Q. You say you’re comparing each school with the average school. Is that the same as the city average or total that gets reported whenever new data is released?
A. No, the city average in most reports refers to the performance of the average student in the city. SchoolBook’s calculations are based entirely on school performance — we’re comparing schools with one another, and the average we use is the average of all schools that have data for a given category. So if you’re curious about how your own child compares with other children in the city, you would want to refer to the city average, whereas SchoolBook’s figures will tell you how your child’s school compares with other schools.
Q. I think your scores misrepresent my school. How can I register a protest or give your users what I consider a more accurate assessment of my school?
A. We’re eager for constructive feedback, as well as alternate viewpoints. To share your thoughts directly with SchoolBook editors, e-mail firstname.lastname@example.org. comment on the website or tweet us @schoolbook.

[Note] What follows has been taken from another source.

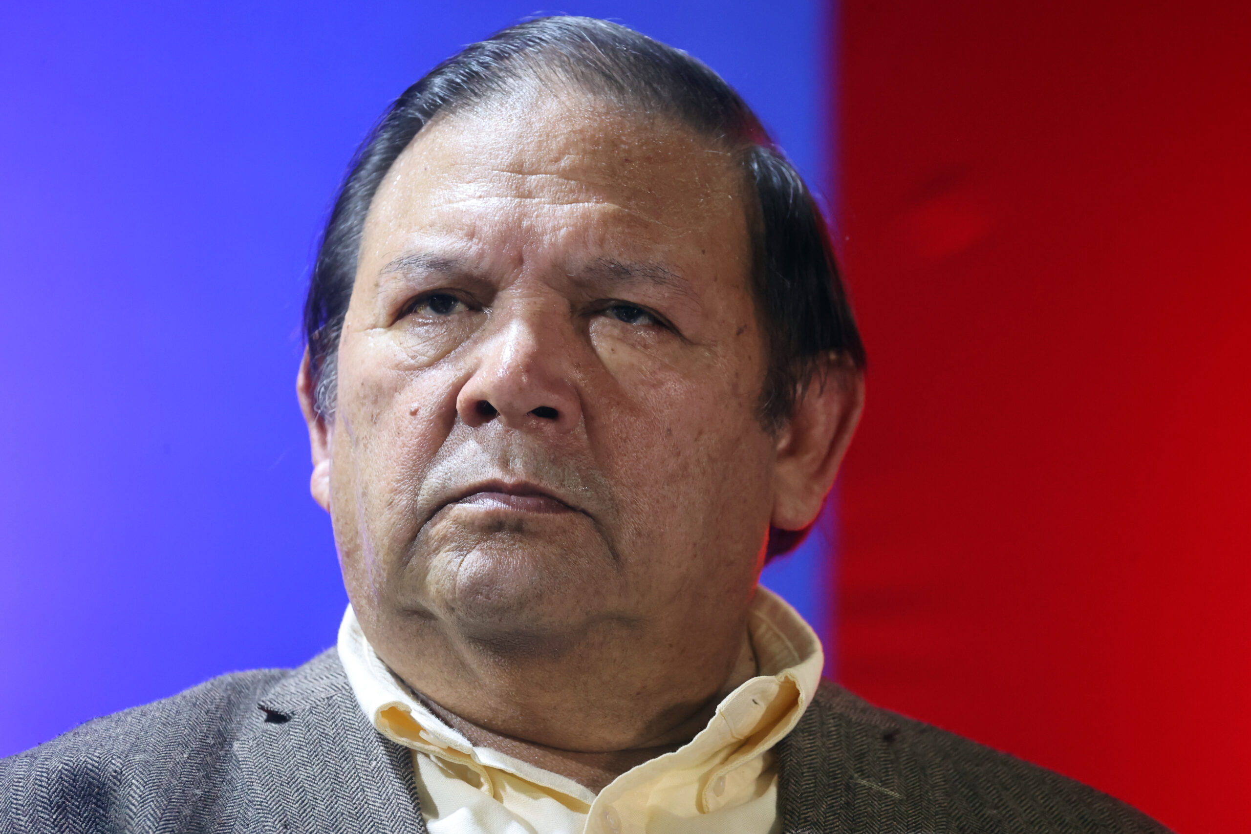 AME8089. CARACAS (VENEZUELA), 04/08/2023.- El precandidato presidencial opositor Andrés Velásquez participa en un acto político conjunto de la oposición, hoy, en Caracas (Venezuela). Los 13 candidatos a las primarias opositoras del 22 de octubre, que definirán al abanderado que se enfrentará al chavismo en las presidenciales de 2024, firmaron este viernes un documento con los «principios comunes» que regirán su programa de Gobierno, en caso de ganar los comicios del próximo año. El acuerdo suscrito establece que el país «debe avanzar en cambios que consoliden un nuevo modelo político, económico y social», siempre que sea «sobre la base de unos principios comunes, a partir de los cuales la candidatura unitaria (quien resulte vencedor en octubre) diseñará su programa de reformas estructurales». EFE/ Miguel Gutiérrez

Q. You’re inviting me to compare schools on your site. But you say that the scores are based on how a school compares only to certain subcategories of schools. How do I know that your numbers provide an apples-to-apples comparison for the schools I’m interested in?
A. Sometimes they don’t. Sometimes, schools do not have enough data, especially new schools, and private schools. When you compare them, you may see a blank space or a N/A in certain spots. Also, for high schools, where there are generally six but as many as eight variables, we only provided summary Performance scores for those with at least three variables.
To come up with our 1 to 9 scores, we compared an individual school to the average of all schools in the city serving similar grades. So, elementary schools are compared to elementary schools. The 1 to 9 summary score they get, though, is then comparable to summary scores for other types of schools, because after standardizing the data, the comparisons become more relative.